Explore how BSX and NOW each compare against other companies in their peer groups.

Rule-based, descriptive analysis only. Derived from peer percentile dimensions. Not investment advice. Peer groups are determined algorithmically based on structural similarity — not by sector classification alone.

How AssetNext Peer Scores Work

AssetNext scores reflect each company's structural position within its functional peer group — not a ranking against all stocks simultaneously. Peers are identified by similarity across eight financial dimensions, including revenue growth trajectory, margin structure, capital intensity, and earnings stability. A score of 75 means the company ranks in the top quartile within its own peer group, not the entire market.

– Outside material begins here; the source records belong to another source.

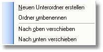 In der Baumauswahl können Sie mit der rechten Maustaste das Kontextmenü aufrufen. Hier stehen Ihnen Funktionen für die Strukturierung der Baumauswahl zur Verfügung. Sie können neue Unterordner erstellen, Ordner umbenennen und nach oben bzw. unten verschieben.
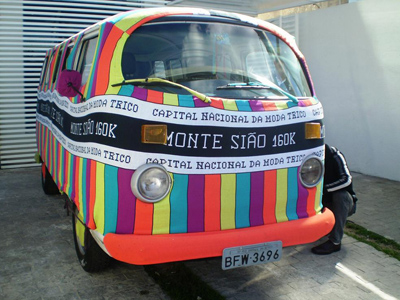 Uma Kombi totalmente envelopada, ou melhor, ‘vestida’ com uma peça única de tricot, fica estacionada em frente ao pavilhão da Bienal, no Ibirapuera, palco do maior evento de moda do Brasil, o São Paulo Fashion Week.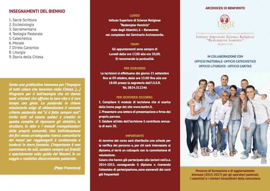 La scuola prevede 30 ore di lezioni frontali e 18 ore di laboratorio. Per i laboratori il testo di riferimento è: S. Soreca, Il catechista: discepolo e comunicatore, EDB, Bologna 2015.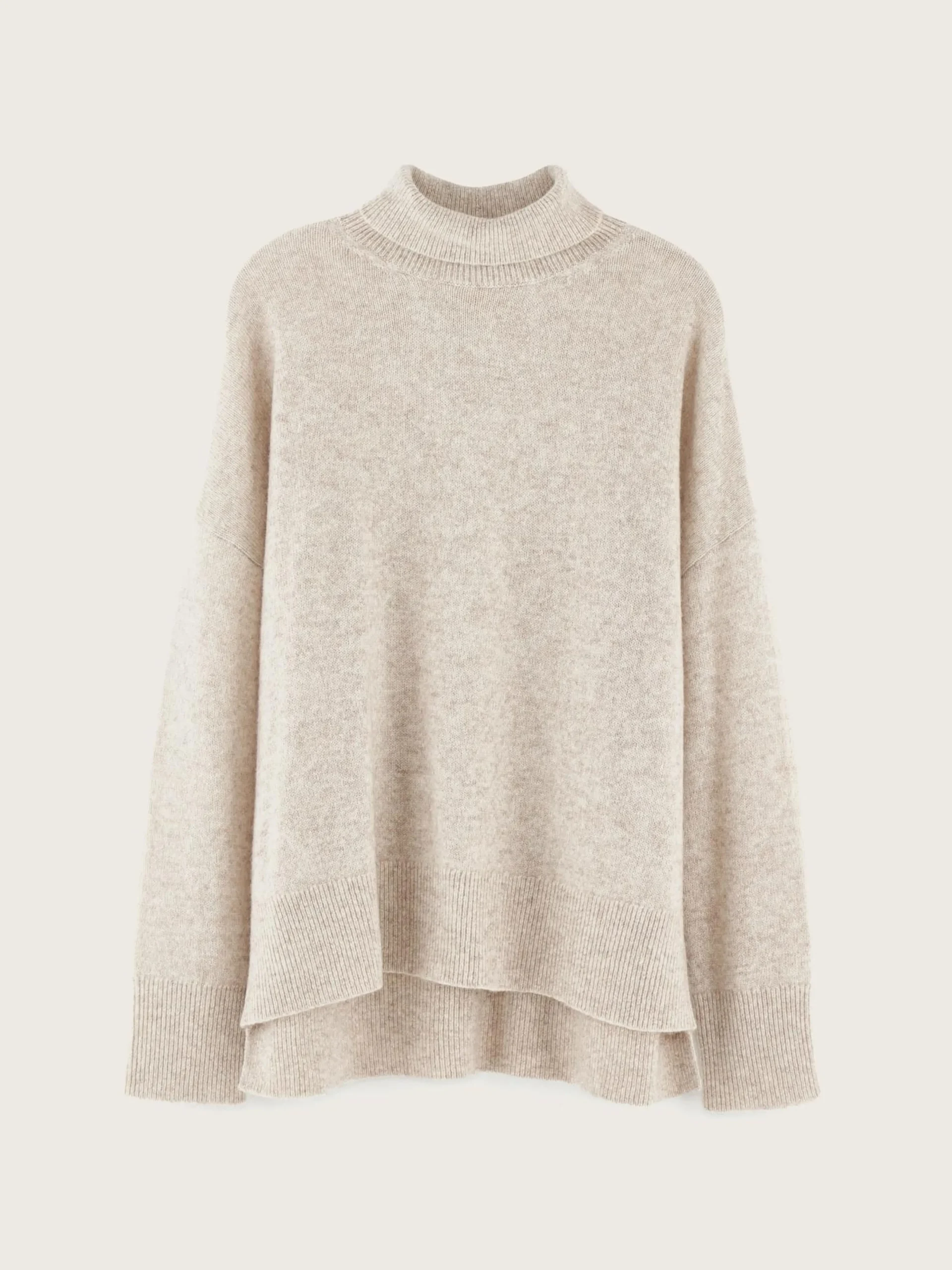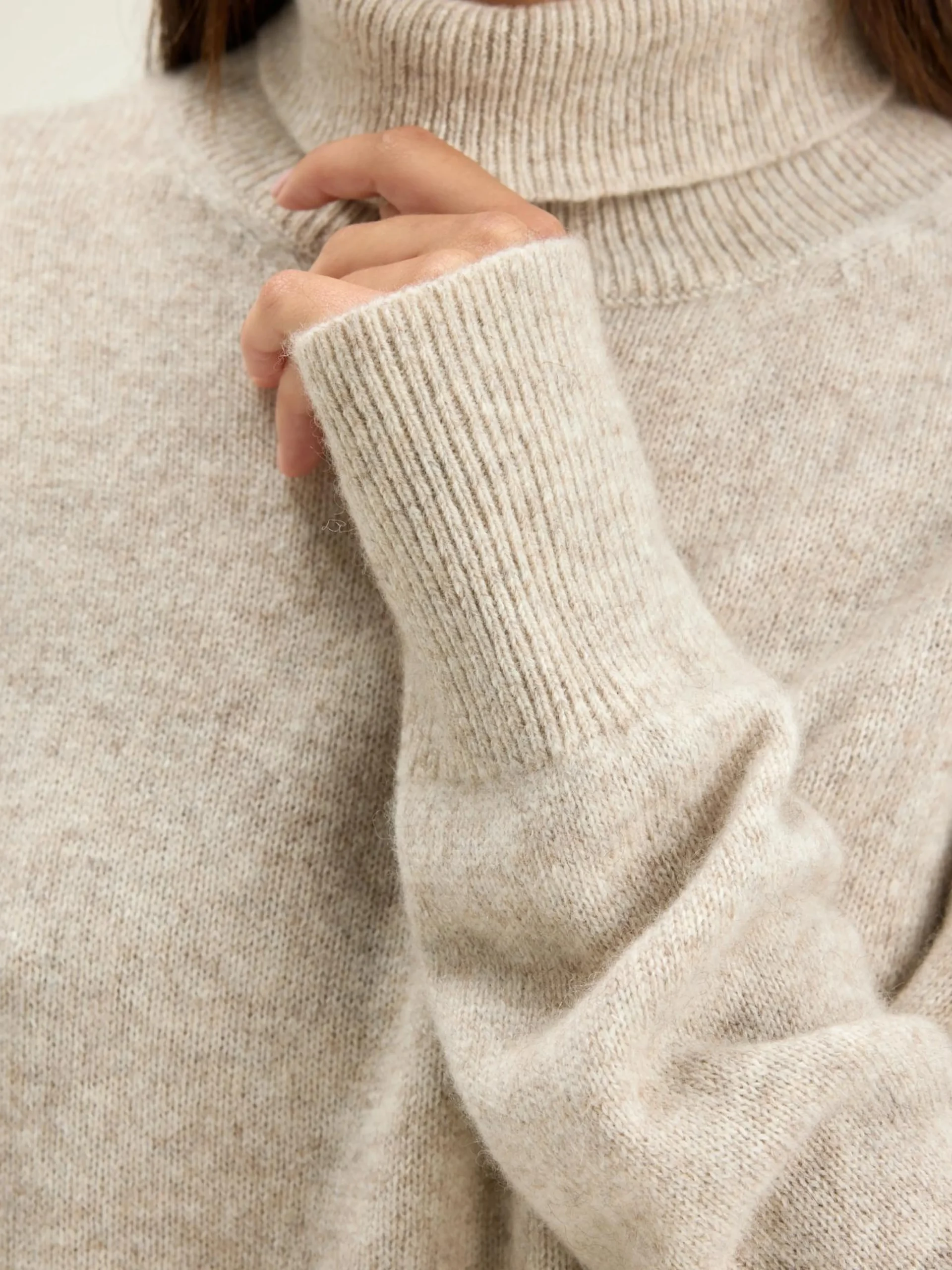 Grijs gemêleerde, oversizede trui met turtle neck en extra lange mouwen.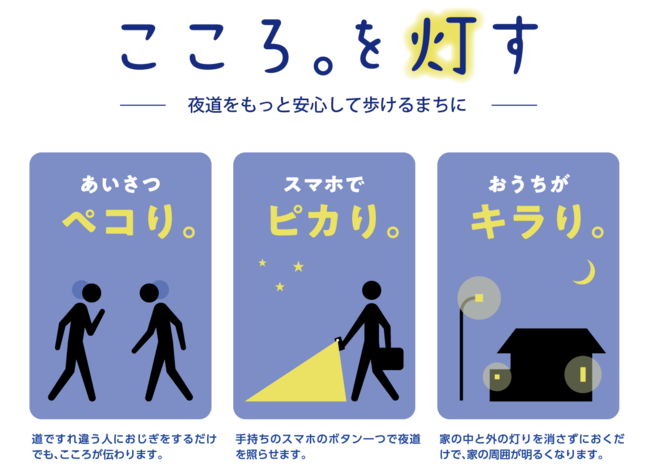 「こころ。を灯す」の企画は、『「高座」のこころ。』の推進にあたり、寒川町役場内にある寒川町ブランドのプロジェクトチームが、「安心」をキーワードに寒川町役場職員約300人に調査を実施したところ、町内を夜間に移動する際に不安を感じる声が多いことがわかり、これを受けて、「夜道をもっと安心して歩けるように」との想いから、自分とその周りの人の安心感や犯罪・事故防止に効果的な3つのアクションを企画しました。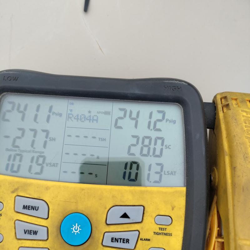 Chills on Wheels Heating and Air Contractors Inc inspected an HVAC unit in Jacksonville, Florida. Technicians found low R-410A refrigerant levels and recharged 4 pounds by request. A leak detection test indicated service valve leaks. The customer declined a full nitrogen test and additional repairs. Technicians advised that unresolved leaks may continue affecting performance.

Four dimension scores drive the overall peer score: Growth (revenue trajectory and expansion dynamics), Quality (margin structure and capital efficiency), Valuation (peer-relative pricing on standard multiples), and Stability (earnings consistency and financial predictability). Each dimension is scored 0–100 relative to the peer group, then combined into an overall peer score using equal weighting.

Because scores are peer-relative, the same company can have slightly different scores in different index universes. On comparison pages, both companies are shown within their shared peer universe wherever possible — so the scores are directly comparable. The peer basis is stated on each score card.

Scores are recalculated periodically as underlying financial data is updated. All analysis is descriptive and rule-based — AssetNext describes structural realities and never issues buy, sell or hold recommendations.